• _ACTIVITY_
Transcribe each line below verbatim; pictures excluded.

• _INFORMATION SHOWN_
______

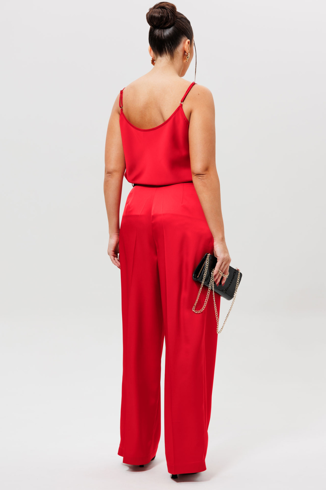 Брюки выполнены из атласной ткани, расширены к низу. На передних половинках брюк обработаны 2 складки и боковые карманы. На задних – талиевые вытачки. Застёжка на молнию и 2 потайных крючка. Эти атласные брюки (Арт. 1282) — Must Have для создания безупречного вечернего или праздничного образа. Модель представлена в двух богатых оттенках: насыщенном красном и глубоком шоколадном. Брюки выполнены из атласной ткани, которая мягко струится, подчеркивая изящество каждого движения. Универсальный крой позволяет сочетать их как с атласными топами (арт.1164) и блузами (например арт.1280) для выхода в свет, так и с кашемировыми джемперами для создания смарт-кэжуал образа. Атласные брюки с завышенной талией обеспечивают комфортную посадку и визуально вытягивают силуэт. Размеры 46-52.
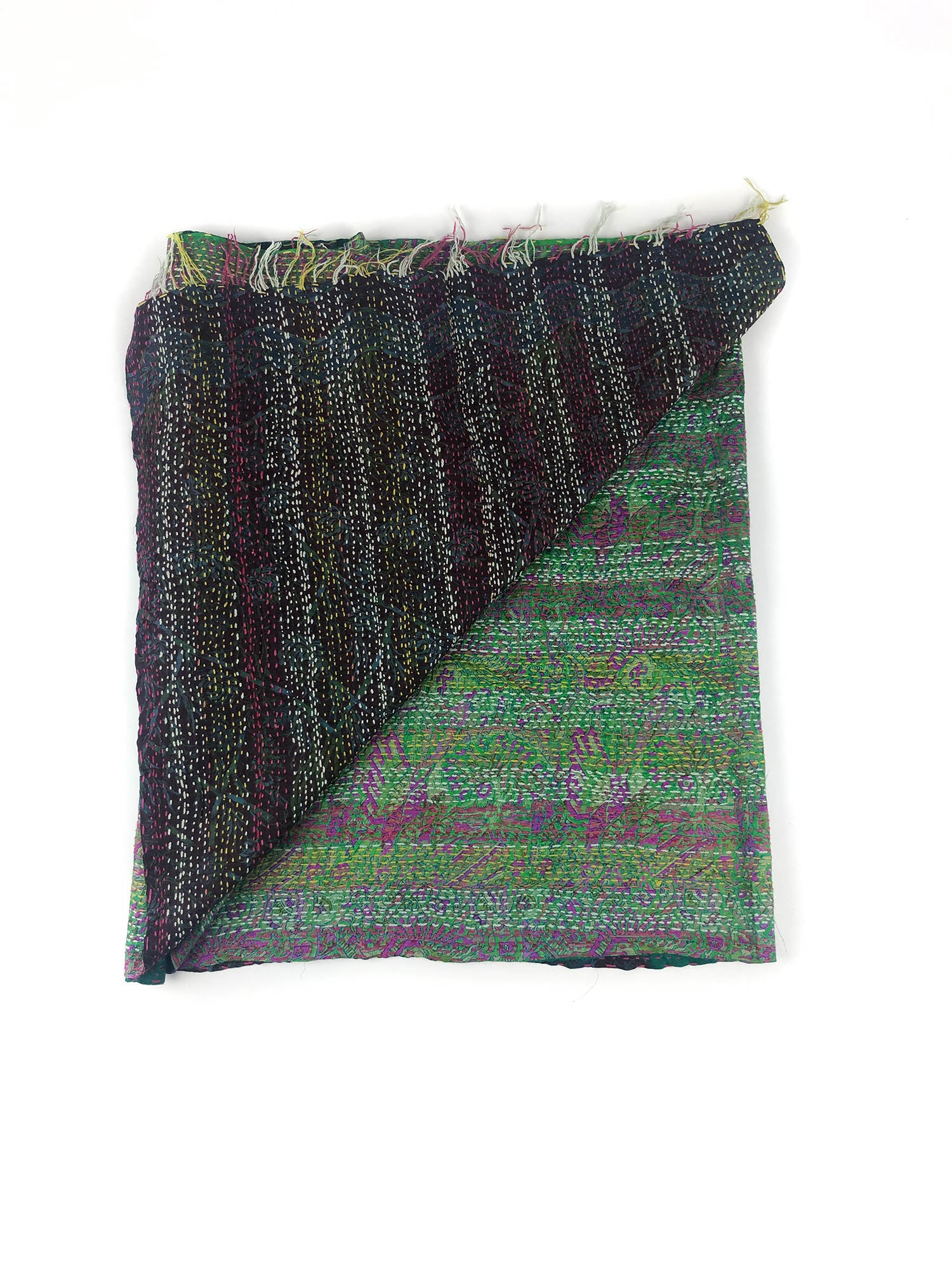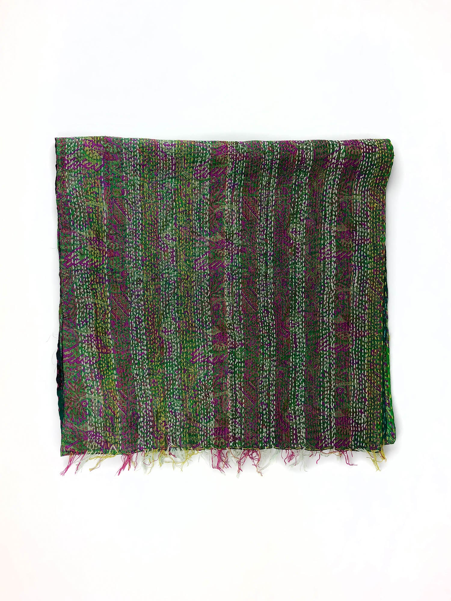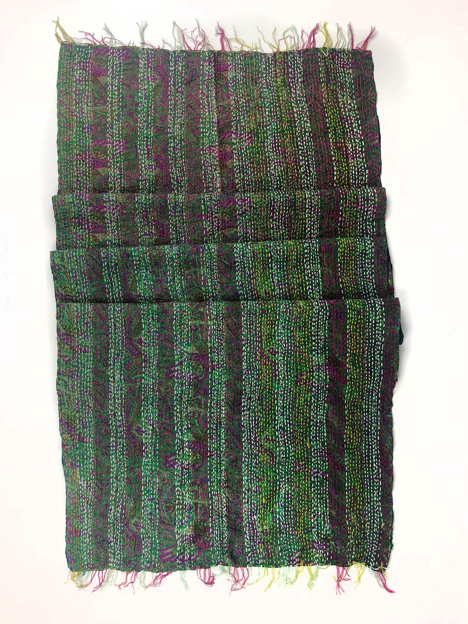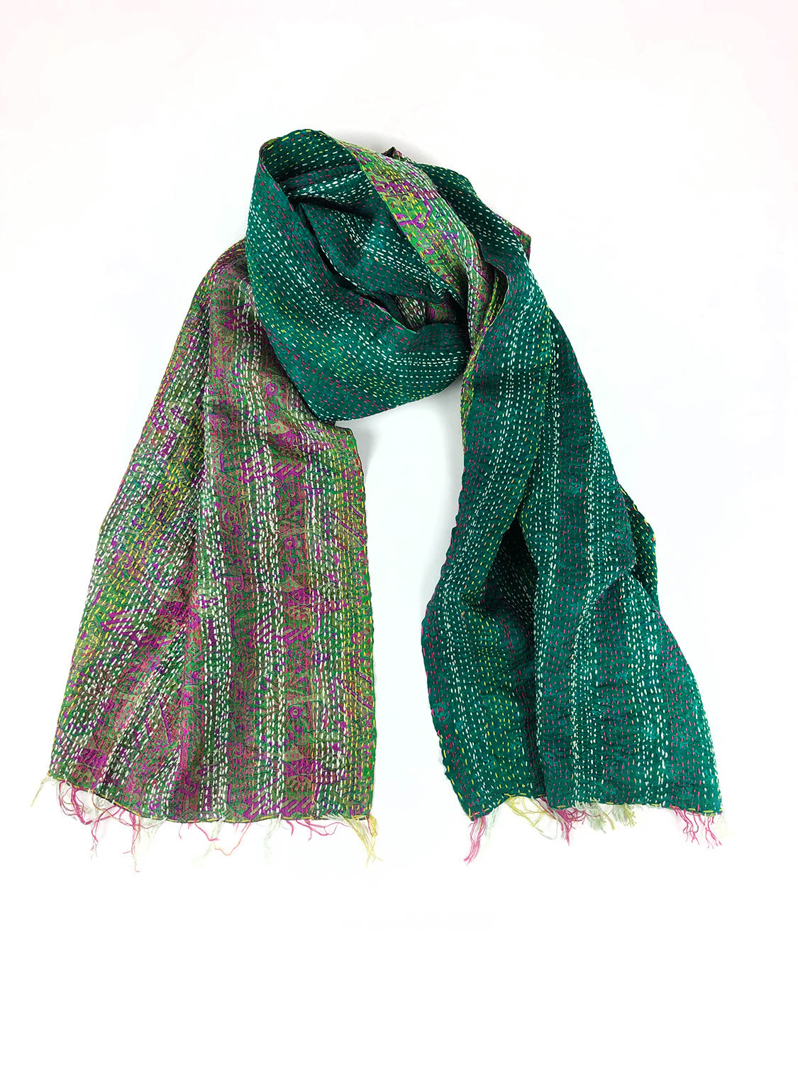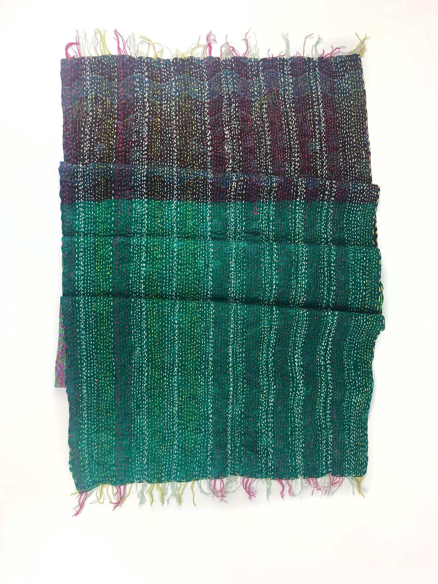 Die traditionellen Saris aus Seide werden mit Kantha-Stickereien vernäht. Jeder Schal ist somit ein Unikat mit unterschiedlichsten Mustern und Farben.
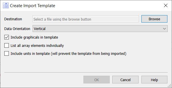 Importing data from a file requires that the variable names in the file match those in the model. You can create a template file for this, with all the constants in the model includes, by using the create import template dialog. This dialog is opened from the Import Data dialog box.

______

• _WRITTEN REPLY_
 Брюки выполнены из атласной ткани, расширены к низу. На передних половинках брюк обработаны 2 складки и боковые карманы. На задних – талиевые вытачки. Застёжка на молнию и 2 потайных крючка. Эти атласные брюки (Арт. 1282) — Must Have для создания безупречного вечернего или праздничного образа. Модель представлена в двух богатых оттенках: насыщенном красном и глубоком шоколадном. Брюки выполнены из атласной ткани, которая мягко струится, подчеркивая изящество каждого движения. Универсальный крой позволяет сочетать их как с атласными топами (арт.1164) и блузами (например арт.1280) для выхода в свет, так и с кашемировыми джемперами для создания смарт-кэжуал образа. Атласные брюки с завышенной талией обеспечивают комфортную посадку и визуально вытягивают силуэт. Размеры 46-52.
 Die traditionellen Saris aus Seide werden mit Kantha-Stickereien vernäht. Jeder Schal ist somit ein Unikat mit unterschiedlichsten Mustern und Farben.
 Importing data from a file requires that the variable names in the file match those in the model. You can create a template file for this, with all the constants in the model includes, by using the create import template dialog. This dialog is opened from the Import Data dialog box.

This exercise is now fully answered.